Diante da breve relação de atos descrita pelo ministro, que antes de tudo é um estudioso do Direito, podemos afirmar que é impossível a Justiça Eleitoral desenvolver o trabalho descrito.

Nunca é demais dizer que a Justiça Eleitoral, embora especializada, funciona em parte com estrutura dos tribunais de Justiça em sua composição, com juízes de primeira instância estaduais a desenvolver seu trabalho na instância inaugural em registros de candidaturas e demais atos necessários. Sofrem com falta de pessoal e estrutura.

Infelizmente, é de clareza solar que o Supremo Tribunal Federal, por diferença de um voto, apenas um voto, criou uma casta de criminosos a serem julgados de forma diferente e razão da “aplicação” do produto do crime. O crime que tiver como gênese uma conexão eleitoral — e sabe-se lá qual serão os critérios objetivos para tal constatação na medida em que a conexão é um fenômeno em parte fático — será julgado — em sentido processual — diferente, e neste sentido criou-se um sistema de exceção.

A "lava jato" e ações correlatas atingiram a esfera de poder político do país. Houve inegavelmente a desconstrução de muitos estigmas jurídicos que acobertavam desmandos, baseado em forte desenvolvimento teórico. A prevalecer o entendimento combatido, nulidades de atos já praticados em desacordo à estranha decisão da suprema corte podem anular decisões importantes. Excessos, que eu mesmo já critiquei com relação à "lava jato", não dão margem ao desrespeito à Constituição Federal pela corte que tem obrigação de guardá-la.

A alegação de que se manteve a jurisprudência da corte maior é mais um motivo de desprezo pelas mudanças interpretativas em termos de corrupção, como bem narrou o ministro Luiz Fux em suas sempre balizadas posições, no sentido de que as regras de competência da Justiça Eleitoral são absolutas, mas cingem-se a seu objeto e não a todo e qualquer crime com mera alegação de conexão.

À Justiça Eleitoral não faltará lisura. Não faltará competência de seus julgadores. Todavia, não há nenhuma chance de desenvolverem o trabalho até aqui implantado, por absoluta falta de estrutura e principalmente vocação.

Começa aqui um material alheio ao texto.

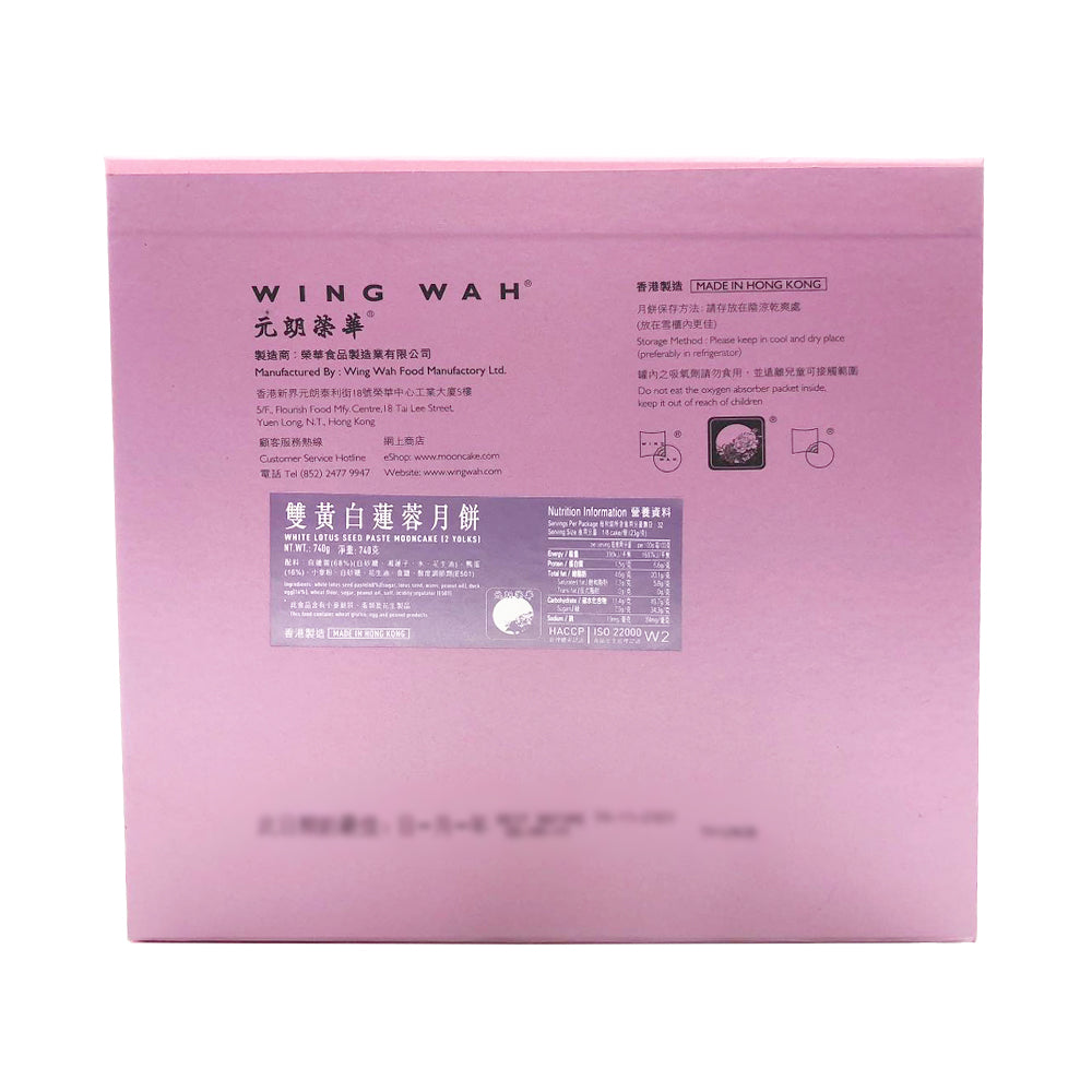 Wing Wah Double Yolk White Lotus Seed Paste Mooncakes Gift Box - 4 Pieces, 740g

A vocação constitucional da Justiça Eleitoral é para garantir eleições probas, e não desbaratar organizações criminosas.

A Constituição Federal sangrou com um ativismo judicial que poucas vezes acompanhei. Criou-se de forma transversa e verdadeira prerrogativa de função com base na atividade do criminoso político; ou melhor dizendo, “político criminoso”.

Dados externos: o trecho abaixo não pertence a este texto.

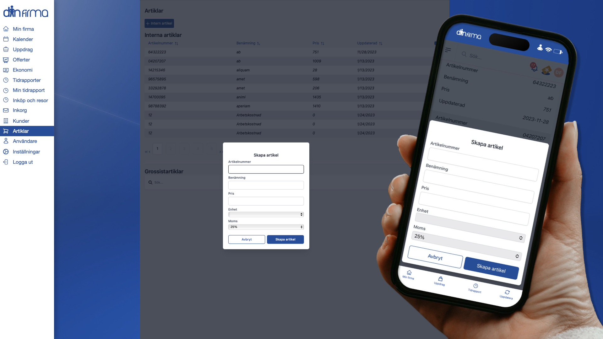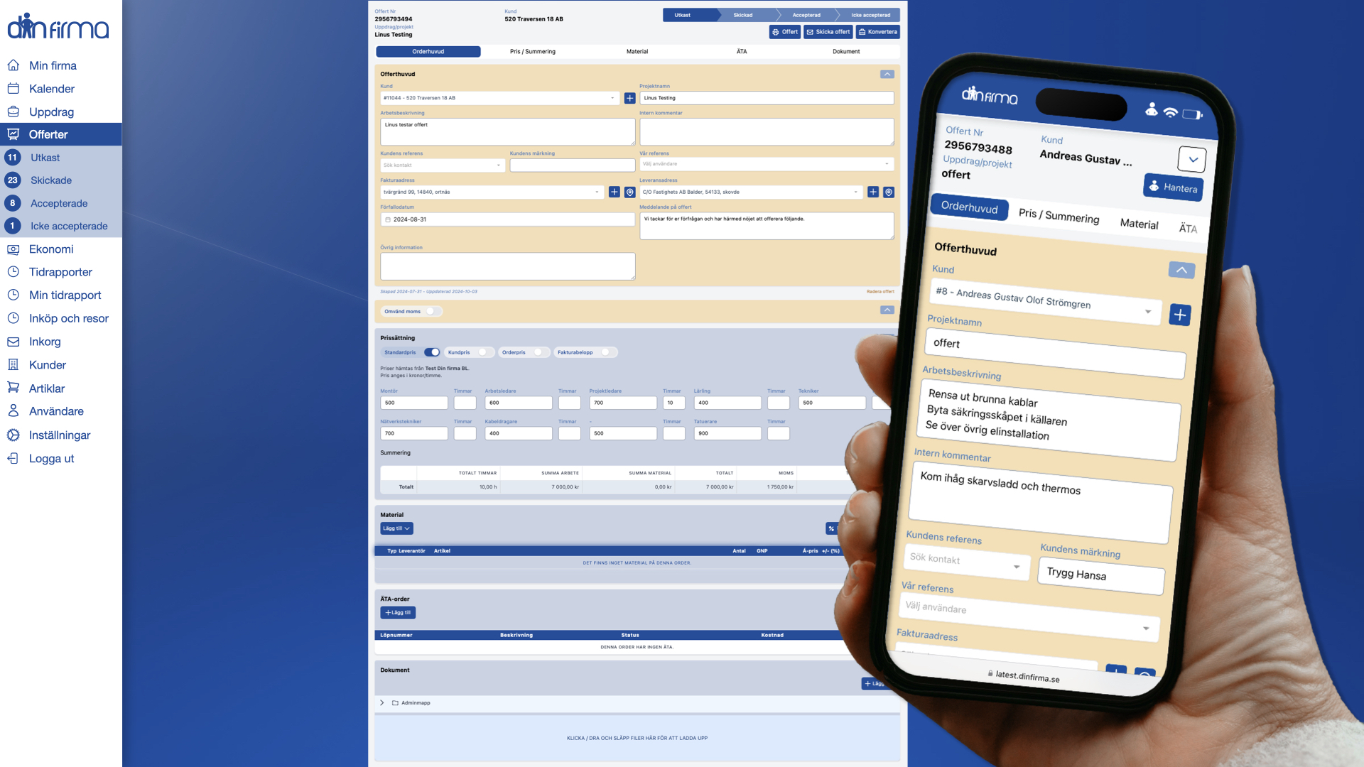 Din firma är ett komplett arbetsordersystem med integrerad ekonomihantering – en helhetslösning som följer dig hela vägen från offert till bokslut.

Não há cenário de alento futuro. Em pouco tempo haverá arrependimento dos homens sérios da Justiça por uma decisão desarrazoada. Tal matéria deveria ser discutida no âmbito das ações constitucionais em tese, e não em autos concretos sem a participação ativa das necessárias discussões do direito. A decisão do STF contribui para uma jurisprudência permissiva com a corrupção, compassiva com a parte da classe política que faz da corrupção seu combustível e que escraviza a República, comprometendo o sucesso do país no cenário internacional. Indefensável.